Gerhard Trabert: Ich wurde schon immer gebeten, auch über die Arbeit zu reden. Die Kandidatur für das Bundespräsidialamt hat dazu geführt, dass mich mehr Menschen kennen und die Anfragen zugenommen haben. Ja, ich verstehe mich da auch als Lobbyist der Betroffenen und fühle mich irgendwie verpflichtet, über die Situation der wohnungslosen Menschen zu reden – als jemand, der in einem intensiven Austausch mit den Betroffenen ist.
Gleich am Anfang des Vortrages haben Sie Ihre Enttäuschung und Frustration erwähnt. Ist das auch etwas, was Sie antreibt?

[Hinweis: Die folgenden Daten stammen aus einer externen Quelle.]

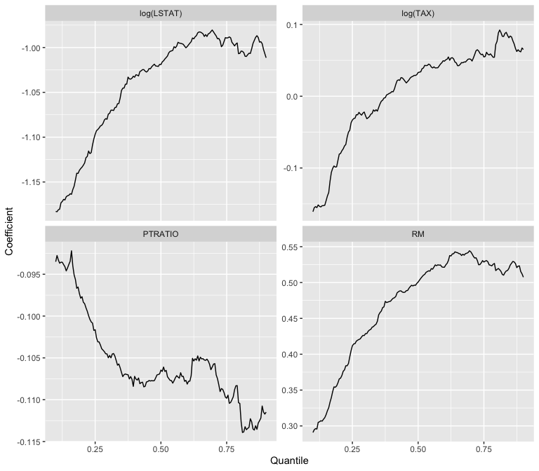 <- data.frame(c(t(beta_hat)), rep(tau, p), rep(c('RM', 'log(TAX)', 'PTRATIO', 'log(LSTAT)'), each = length(tau)))

Nun ja, so richtig motivierend ist das nicht. Motivierend sind die Begegnungen mit den Menschen. Aber ich weigere mich, den Gedanken aufzugeben, dass man etwas verändern kann. Und deshalb muss man trotz Frustration die Politik immer wieder konfrontieren mit diesen Ungerechtigkeiten, um dann doch etwas strukturell verändern zu können.
Und in aller Munde ist ja derzeit das geplante Bürgergeld. Was finden Sie da gut und was schlecht?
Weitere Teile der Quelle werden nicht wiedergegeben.